Advanced Micro Devices, Inc. (NASDAQ:AMD) has moved to strengthen its competitive edge as competition in the semiconductor industry heats up. The company is reportedly in advanced talks to buy Xilinx in a deal worth $30 billion.
Xilinx Acquisition
The acquisition push comes at a time of growing demand for chips, given the global shift to working from home. AMD is one of the companies that has seen a significant surge in demand for its chips prompting it to move and safeguard its edge amid stiff competition from the likes of NVIDIA Corporation (NASDAQ:NVDA) and Intel Corporation (NASDAQ: INTC).

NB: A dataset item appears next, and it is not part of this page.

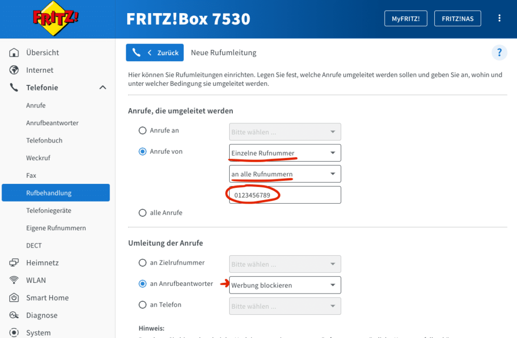 Einzelne Rufnummer hinterlegen

Xilinx would be a perfect fit for AMD as it boasts of a robust network for making chips used in data centers to speed up tasks such as artificial intelligence work. The San-Jose based company also makes chips that are being used to fuel the 5G revolution.

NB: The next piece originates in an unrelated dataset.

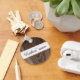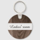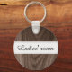 Ladies room keychain with a printed, brown wood grain background and customisable text "Ladies' room".

Xilinx is reportedly open for a deal after suffering a big blow over the past year on its key customer Huawei technologies being blacklisted from operating in the U.S. The company’s customer base has shrunk significantly in the aftermath of the U.S blacklisting a number of Chinese companies in what is turning out to be a vicious tech war.
Focus on Data Centers
AMD succeeding in acquiring Xilinx would be a major coup in the fight for market share in the data center business. Nvidia is already planning to acquire British chip designer Arm in a $40 billion deal. The two are looking to dethrone Intel, which has been a market leader in powering data centers.
Xilinx stands to give AMD an arsenal of products to compete against Intel's FPGA solution gained through Altera's acquisition in 2015. Likewise, AMD would be better positioned to compete against Nvidia’s Alveo accelerator cards, becoming a common phenomenon in the data center business.
AMD has become a key player in the data center business thanks to its arsenal of data center chips led by second-generation EPYC processor. Similarly, the company has accrued double-digit share in the X86 server market against fierce rival Intel.